Il titolo preposto a questo articolo corrisponde a un trattatello su Maria scritto da un protestante, che è annoverato tra i padri fondatori della Riforma, Giovanni Ecolampadio (1482-1531).  Questo libretto è stato tradotto in italiano a cura dei Monfortani: «La lode di Dio in Maria» (il latino dice: «De laudando in Maria Deo»).

 

 

 

In realtà è sempre il «magnificat» che dà il tono alla teologia e all’autentica pietà mariana. Noi possiamo e dobbiamo magnificare Maria, perché ella stessa ha profetizzato: «tutte le generazioni mi proclameranno beata»; ma lei non trattiene per sé nessuna lode, tutto restituisce a Dio: «l’anima mia magnifica il Signore». Anche i fratelli non cattolici sono preoccupati solo di questo: che Dio sia sempre al primo posto, e che tutto termini veramente in lode di lui solo.

 

Nei primi secoli - oggi, forse, il paragone ci fa un po’ sorridere - i cristiani guardavano a Maria attraverso il simbolo della luna. La luce di Maria è luce riflessa; riceve e rimanda; illumina perché è illuminata.
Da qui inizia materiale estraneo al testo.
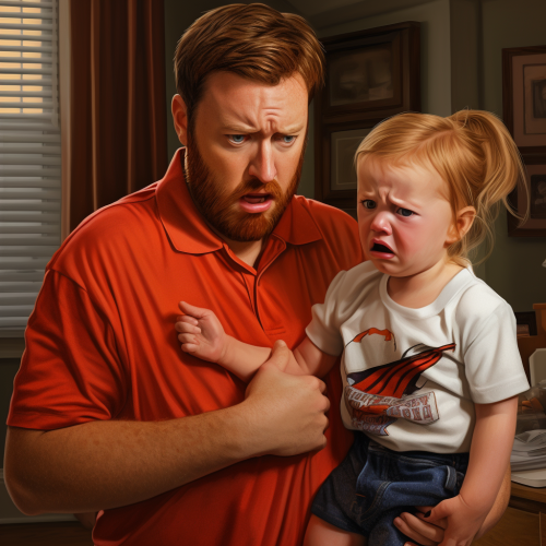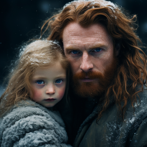 a man with ginger curly long hair and freckles, beard, blue icy eyes, father, daughter

Il sole è Cristo; è Cristo la sorgente di tutto, del calore, della vita, della salvezza. Se i destinatari siamo noi, è su noi che Maria riflette, poi, la sua dignità.

 

Ecco, appunto, le due stagioni della mariologia: in un primo e lungo tempo si è guardato a Maria come a specchio della grandezza di Gesù; ora, dal concilio Vaticano Il, si guarda a Maria come a specchio in cui rimirare noi, e cioè la chiesa. Maria e Cristo, Maria e la chiesa: potremmo dividere proprio in questo modo le due stagioni: la prima ormai conclusa, l’altra appena cominciata.

 

MARIA E CRISTO

 

Fino alle soglie del Vaticano II assistiamo ad una gara... tra Gesù e Maria. Qualche poeta sportivo... parlerebbe addirittura di una sorta di meraviglioso «campionato del mondo». Non faccia ridere tale. Il Dio della rivelazione biblica è un Dio che non solo si avvicina all’uomo, ma lo provoca a contendere con lui. Israele è qualcuno «che ha lottato con Dio». La libertà di Dio non ha paura, anzi sollecita la libertà dell’uomo. Il «disegno» di salvezza, è «progetto inventato da Dio», ma «messo nelle mani dell’uomo». Il mistero dell’incarnazione sancisce tale stretto rapporto che vincola Dio all’uomo e l’uomo a Dio.

 

Gesù si presenta col doppio titolo di vero «figlio di Dio» e di vero «figlio dell’uomo». Prendiamo in considerazione il realismo del secondo titolo: «figlio dell’uomo». In concreto Gesù è vero uomo, vero figlio della nostra razza umana, perché è vero figlio di Maria. Non è solo dono di Dio; è anche autentico dono di Maria. L’amore di Dio è passato attraverso l’amore di Maria; e certamente non come l’acqua scivola lungo canali e tubature, senza chiedere nulla alla loro partecipazione; Gesù arriva a noi come espressione di un amore divino che si è mescolato con l’amore umano di Maria, senza confusione ma attingendo veramente da esso. L’acqua deve arrivare a noi pura e senza assumere ingredienti dai canali attraverso cui passa; l’amore di Dio, invece, si fa storico e concreto proprio investendo l’amore umano, accogliendo nel suo cammino verso di noi il contributo espressivo di chi egli ha chiamato a farsi suo strumento.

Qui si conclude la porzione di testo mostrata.